━━━ Data to process ━━━
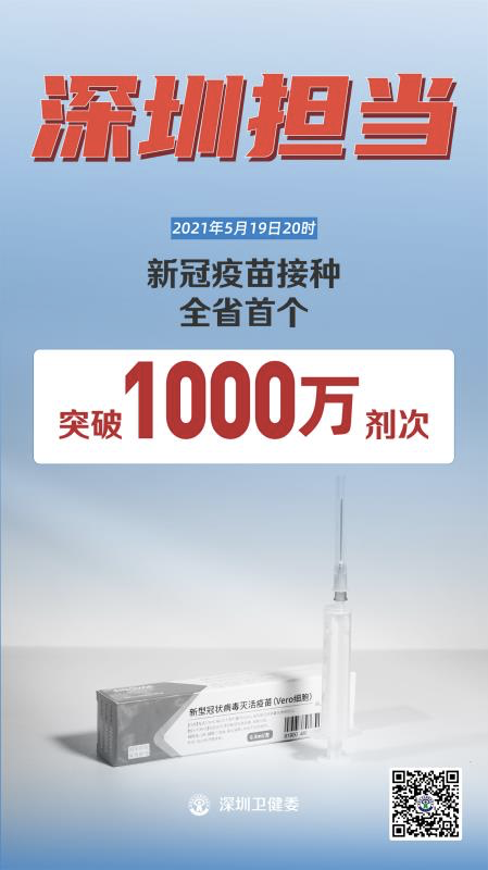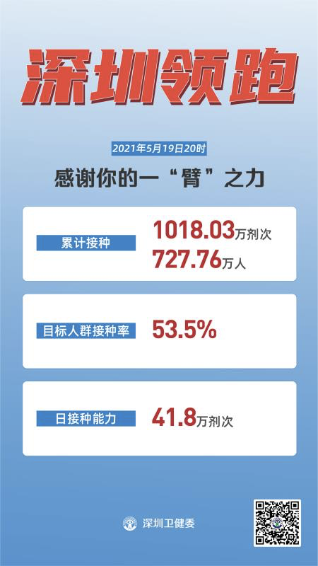 你接种新冠疫苗了吗?感谢你的一“臂”之力!截至5月19日20时,深圳成为全省首个新冠疫苗接种突破1000万剂次的城市,累计接种1018.03万剂次,累计接种人数为727.76万人,目标人群接种率达53.5%。
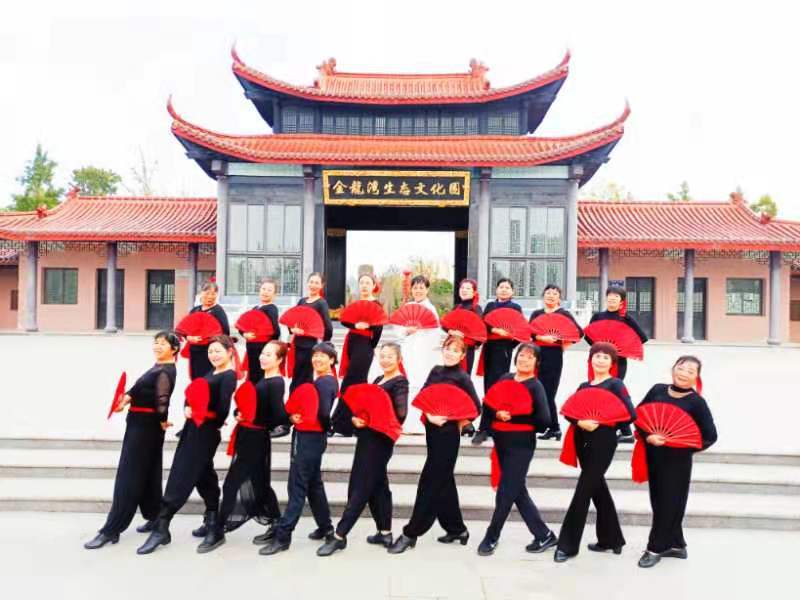 图为城西居委会党支部宣传委员杨秀媛,发挥特长,热心带领居民学跳歌颂共产党的红色节目。
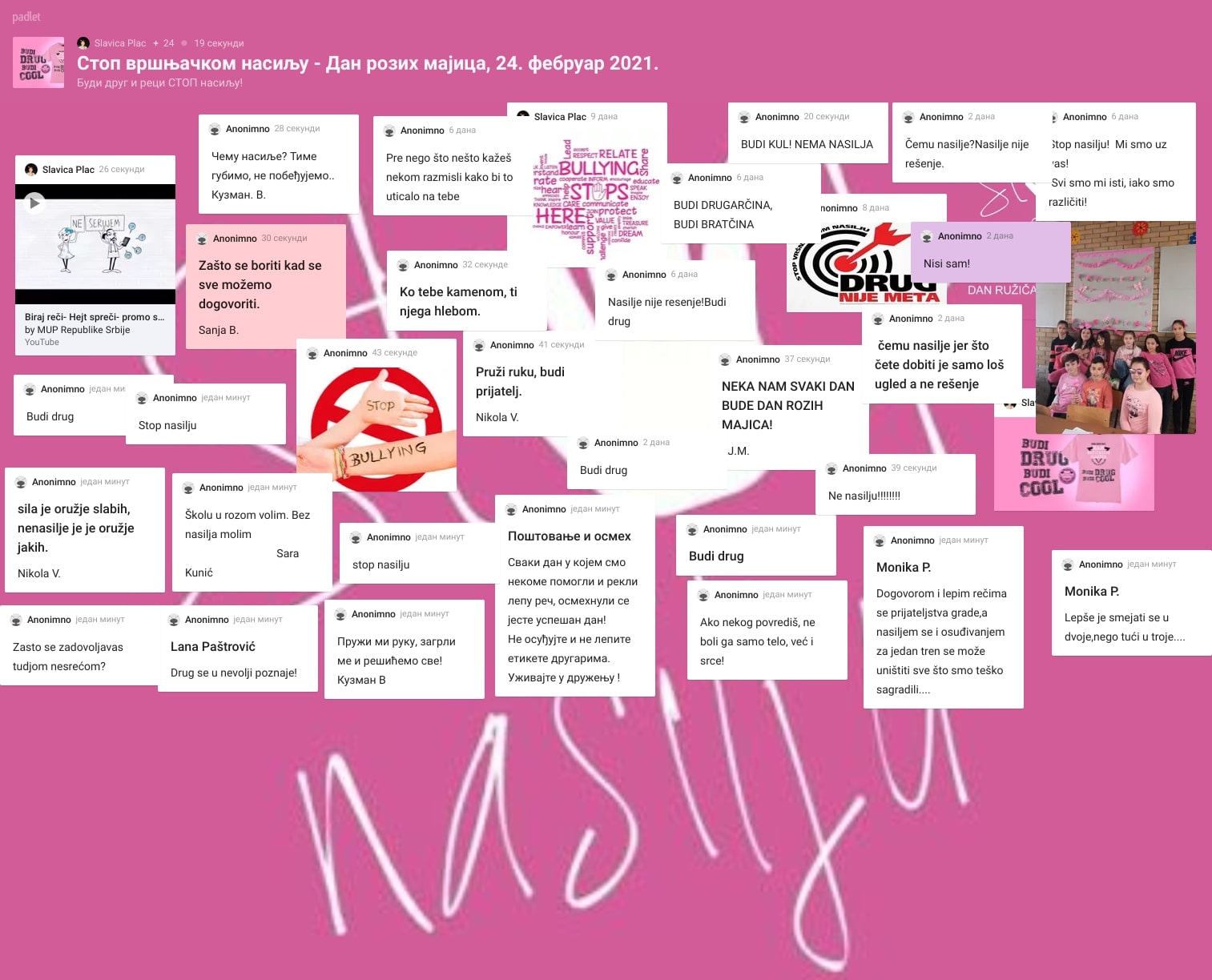 Ученици 12 , 41, 42 и 53 разреда правили су плакате, украшавали паное порукама против вршњачког насиља, а у среду су дошли у школу одевени у мајице розе боје.
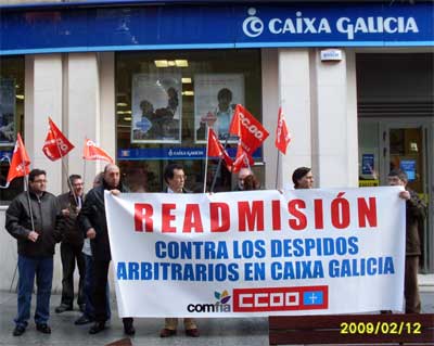 El pasado jueves, 12 de febrero, delegados y delegadas de Comfia - CC.OO. se han concentrado frente a la oficina principal de Caixa Galicia de Gijón, dentro de la campaña de movilizaciones que el sindicato viene organizando en defensa del empleo dentro de la entidad y por la readmisión del compañero despedido.
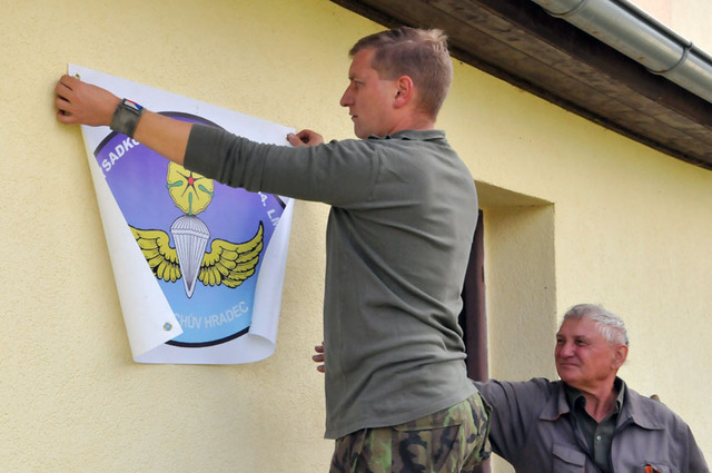 ..ještě vyvěsit logo jindřichohradeckého klubu výsadkových veteránů, aby bylo vidět, kdo se pod stavbou tábora pro účastníky setkání podepsal
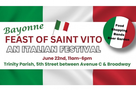 The Bayonne Heritage Association will host the first annual St. Vito Festival on Saturday, June 22, from 11:00 a.m. to 6:00 p.m., on 5th Street, between Broadway and Avenue C. The event will begin with a procession and prayer over the image of St. Vito at 11:45 a.m. There will be welcoming remarks at 12:00 noon. The feast honors St. Vito, also k...
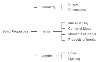 Атрибуты твердых тел включают инерцию и цвет. Геометрия позволяет автоматически вычислять параметры инерции и, в сочетании с цветом, визуализировать. Инерция количественно определяет сопротивление изменениям в движении и коэффициент при вычислении сил и моментов, необходимых для индукции ускорения.
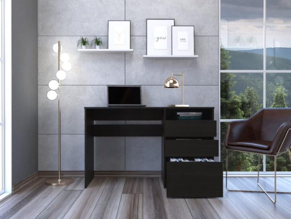 Dublin Three Drawer Computer Desk, One Shelf -Black B20091905
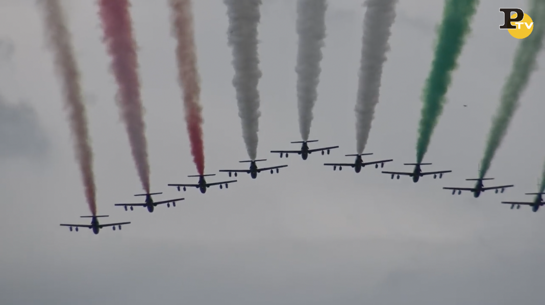 Un doppio passaggio con il tricolore che copre il cielo. Non poteva mancare pochi minuti prima del via del Gp d’Italia di Formula 1 sul circuito di Monza lo spettacolo delle Frecce Tricolori, la pattuglia acrobatica della nostra Aeronautica Militare che da anni resta una delle nostre eccellenze.
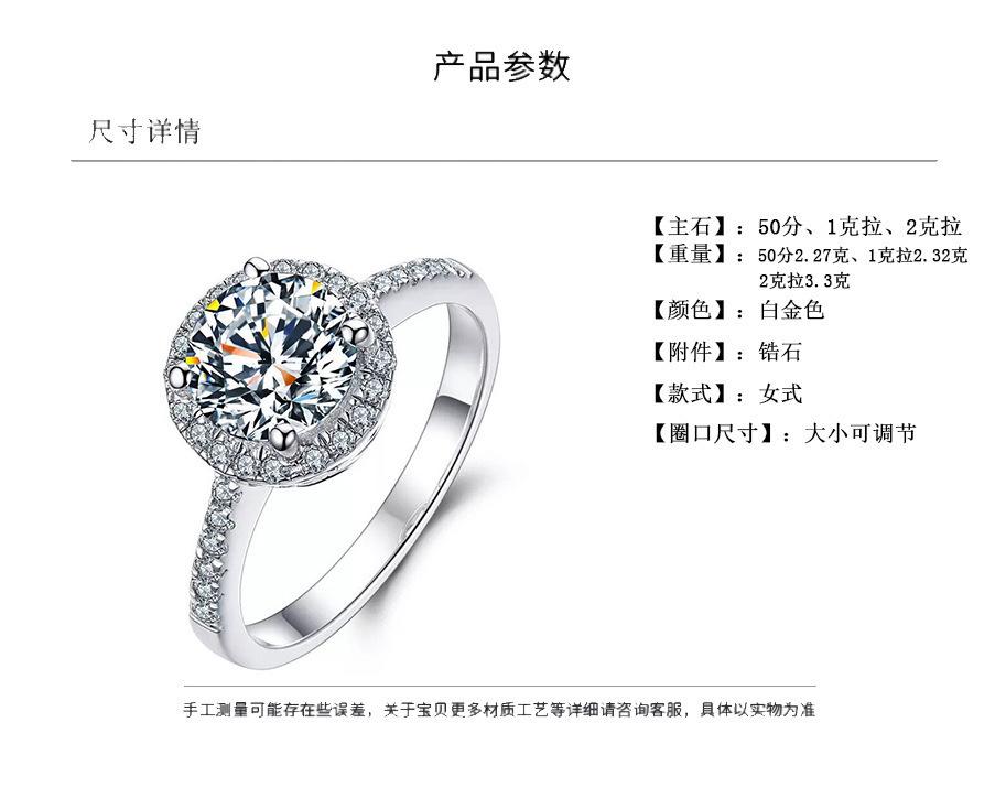 Anillo de moissanita redondo con envío directo para mujer, anillo de plata de seis garras estilo K, transmisión en vivo, oferta al por mayor
━━━
▸ **Problem description**: Print the full listing above exactly. Pictures stay out of the copy.

▸ **Answer section**:
 你接种新冠疫苗了吗?感谢你的一“臂”之力!截至5月19日20时,深圳成为全省首个新冠疫苗接种突破1000万剂次的城市,累计接种1018.03万剂次,累计接种人数为727.76万人,目标人群接种率达53.5%。
 图为城西居委会党支部宣传委员杨秀媛,发挥特长,热心带领居民学跳歌颂共产党的红色节目。
 Ученици 12 , 41, 42 и 53 разреда правили су плакате, украшавали паное порукама против вршњачког насиља, а у среду су дошли у школу одевени у мајице розе боје.
 El pasado jueves, 12 de febrero, delegados y delegadas de Comfia - CC.OO. se han concentrado frente a la oficina principal de Caixa Galicia de Gijón, dentro de la campaña de movilizaciones que el sindicato viene organizando en defensa del empleo dentro de la entidad y por la readmisión del compañero despedido.
 ..ještě vyvěsit logo jindřichohradeckého klubu výsadkových veteránů, aby bylo vidět, kdo se pod stavbou tábora pro účastníky setkání podepsal
 The Bayonne Heritage Association will host the first annual St. Vito Festival on Saturday, June 22, from 11:00 a.m. to 6:00 p.m., on 5th Street, between Broadway and Avenue C. The event will begin with a procession and prayer over the image of St. Vito at 11:45 a.m. There will be welcoming remarks at 12:00 noon. The feast honors St. Vito, also k...
 Атрибуты твердых тел включают инерцию и цвет. Геометрия позволяет автоматически вычислять параметры инерции и, в сочетании с цветом, визуализировать. Инерция количественно определяет сопротивление изменениям в движении и коэффициент при вычислении сил и моментов, необходимых для индукции ускорения.
 Dublin Three Drawer Computer Desk, One Shelf -Black B20091905
 Un doppio passaggio con il tricolore che copre il cielo. Non poteva mancare pochi minuti prima del via del Gp d’Italia di Formula 1 sul circuito di Monza lo spettacolo delle Frecce Tricolori, la pattuglia acrobatica della nostra Aeronautica Militare che da anni resta una delle nostre eccellenze.
 Anillo de moissanita redondo con envío directo para mujer, anillo de plata de seis garras estilo K, transmisión en vivo, oferta al por mayor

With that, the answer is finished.